Against this backdrop, Dr. Rahul Shukla, who is leading efforts to develop advanced anti-dengue therapeutics at the Lucknow-based Central Drug Research Institute (CDRI)—one of the labs of the country’s top scientific research institute, the Council of Scientific and Industrial Research (CSIR)—said India urgently requires a “multi-directional approach” combining vector control, vaccines, antiviral drugs, and stronger public health preparedness.
“One approach alone is not going to work for dengue,” Dr. Shukla said in an interaction with The Health Outlook. “Vector control is important, vaccines are important to some extent, antiviral molecules are important, and governments must also remain proactive in controlling outbreaks.” Dr. Shukla, who previously worked at the International Centre for Genetic Engineering and Biotechnology (ICGEB) under noted dengue researcher Dr. Naveen Khanna, is currently leading a team focused on developing targeted antiviral molecules and bispecific monoclonal antibodies against dengue.
The therapeutic approach being explored by the team aims to neutralise multiple viral epitopes while reducing the risk of antibody-dependent enhancement (ADE), a phenomenon believed to contribute to severe dengue during secondary infections.
“We have very good anti-dengue molecules that are well-proven in laboratory settings. At present, we are optimising these molecules for better bioavailability and moving towards the preclinical requirements needed for IND filing,” Dr. Shukla said.
According to him, the team hopes to move lead candidates towards Investigational New Drug (IND) filing within the next two to three years, with possible clinical translation over the following three to five years.
Scientists say dengue remains one of the most difficult viral diseases to tackle because of the presence of four different virus serotypes and the complex immune responses associated with reinfection.

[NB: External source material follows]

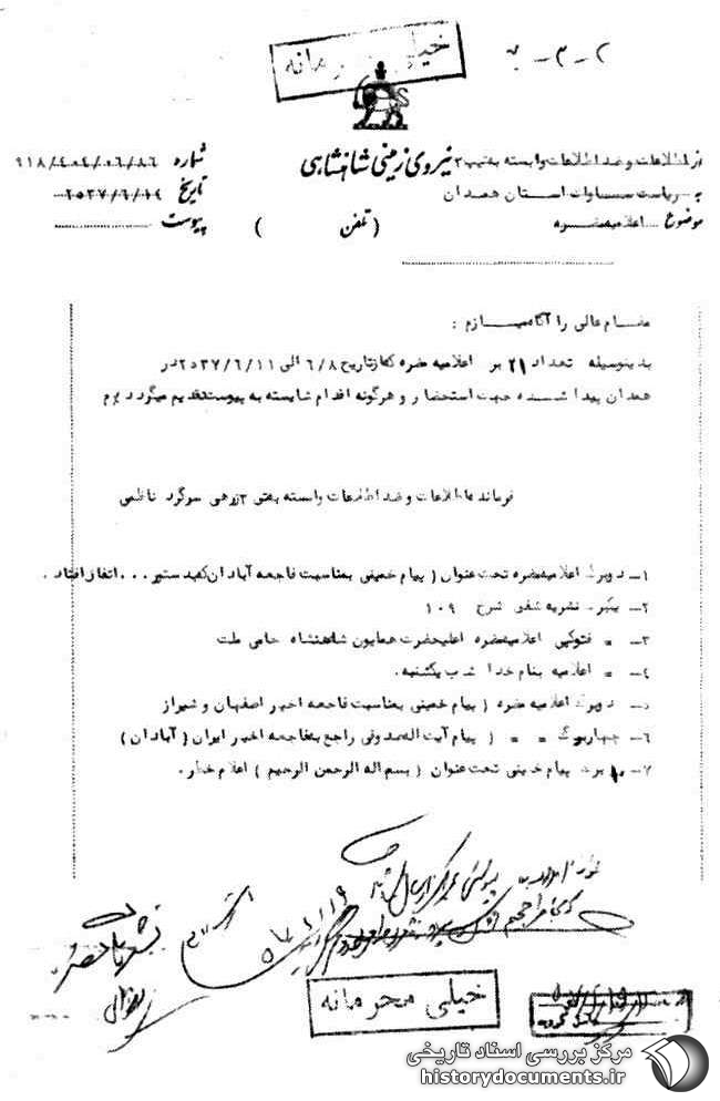 1- دو برگ اعلامیه مضره تحت عنوان پیام خمینی به مناسبت فاجعه آبادان که به دستور ... اتفاق افتاد.
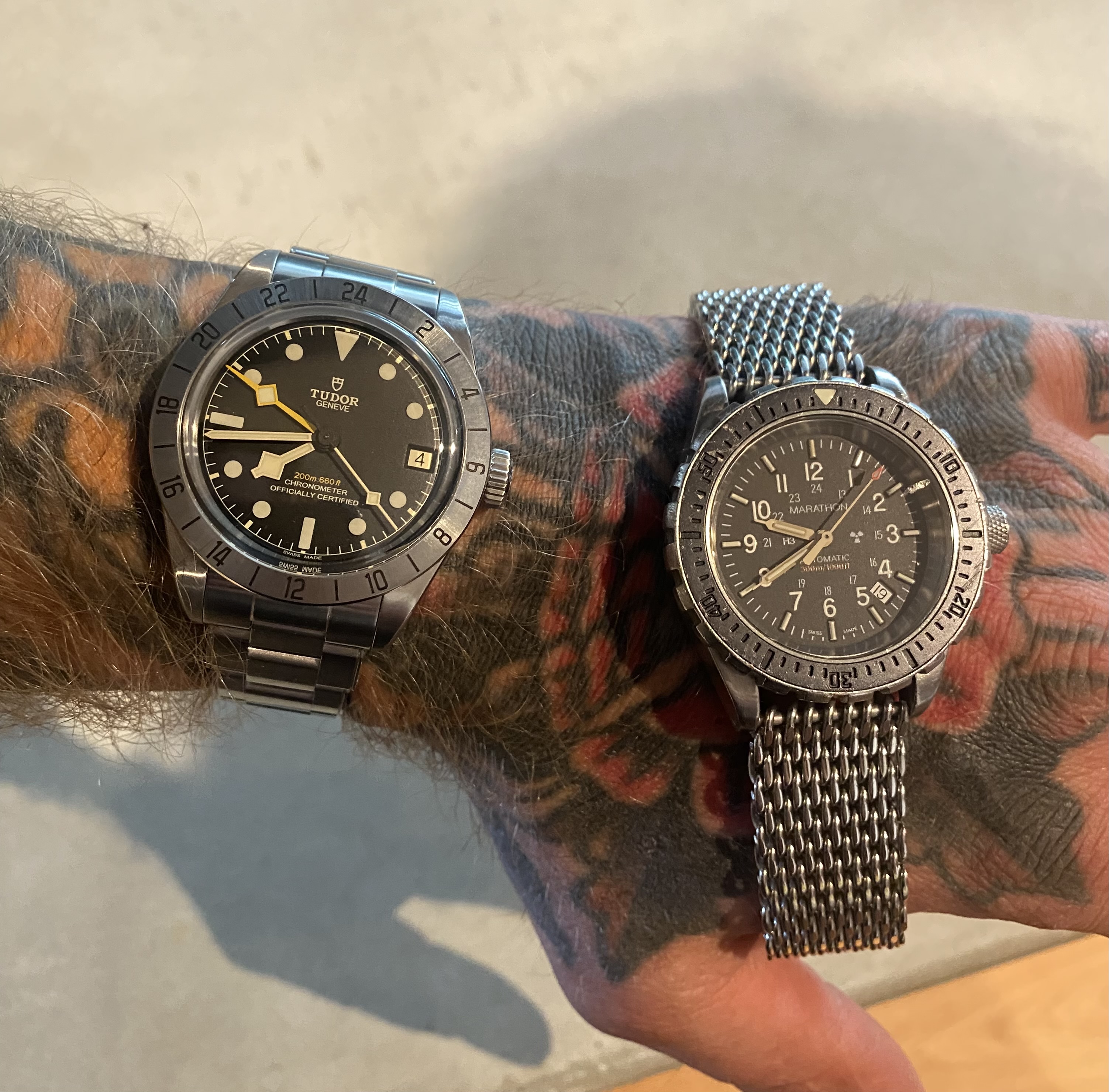 De Yema Superman is een uitzondering. Die draagt goed op NATO, maar zeer zeker ook op heel veel leren banden, en op z’n eigen rammelbracelet, met grote taper. Dat is charmant, dat droeg ik graag. Dat was direct ook het horloge wat ik weg deed omdat deze Marinemaster zou komen.

Unlike several viral diseases where prior infection provides long-term protection, dengue reinfection with another serotype can sometimes trigger more severe illness, including haemorrhagic fever and shock syndrome.
India continues to witness recurrent outbreaks during monsoon and post-monsoon seasons, with hospitals frequently reporting severe febrile illness, platelet complications, and intensive care admissions.
Public health experts say changing rainfall patterns, rapid urbanisation, and poor vector control are also expanding mosquito breeding zones into newer areas.
Dr. Shukla warned that dengue is no longer confined to traditionally tropical regions. “Climate change and warming temperatures are changing mosquito ecology. Transmission is now being reported in regions previously considered unsuitable for dengue. Even parts of Europe are increasingly reporting dengue-related concerns,” he said.
At present, dengue treatment remains largely supportive, relying on hydration, monitoring, and early identification of warning signs.
Scientists believe that the development of targeted antiviral therapies could significantly reduce hospital burden, disease severity, and mortality.
Dr. Shukla noted translational research in dengue therapeutics has historically suffered because of limited commercial investment, especially in compounds lacking strong intellectual property potential.
However, he asserted that the current generation of molecules under development offers stronger possibilities for patentability and translational scalability. Funding support for the project has partly come from Blockchain for Impact (BFI), which is supporting the dengue monoclonal antibody initiative with nearly ₹1.6 crore.
Dr. Gaurav Singh, a psychiatrist and CEO at BFI, explained that the initiative was part of a broader effort to strengthen India’s biomedical innovation ecosystem and support diseases that disproportionately affect low- and middle-income countries.
According to Dr. Singh, the dengue project is in keeping with the Government’s vision of 'Go Local'. It reflects the need for India to reduce dependence on imported biomedical technologies and invest more deeply in indigenous scientific capability, he said. “One of the major reasons that dengue continues to be a serious public health challenge is that the disease is becoming more virulent, and it disproportionately affects poorer populations. We also believe India should reduce excessive dependence on Western medical technologies and build indigenous scientific capability,” Dr. Singh said.
He asserted that BFI supports selected scientific projects after evaluating their long-term public health relevance and translational potential.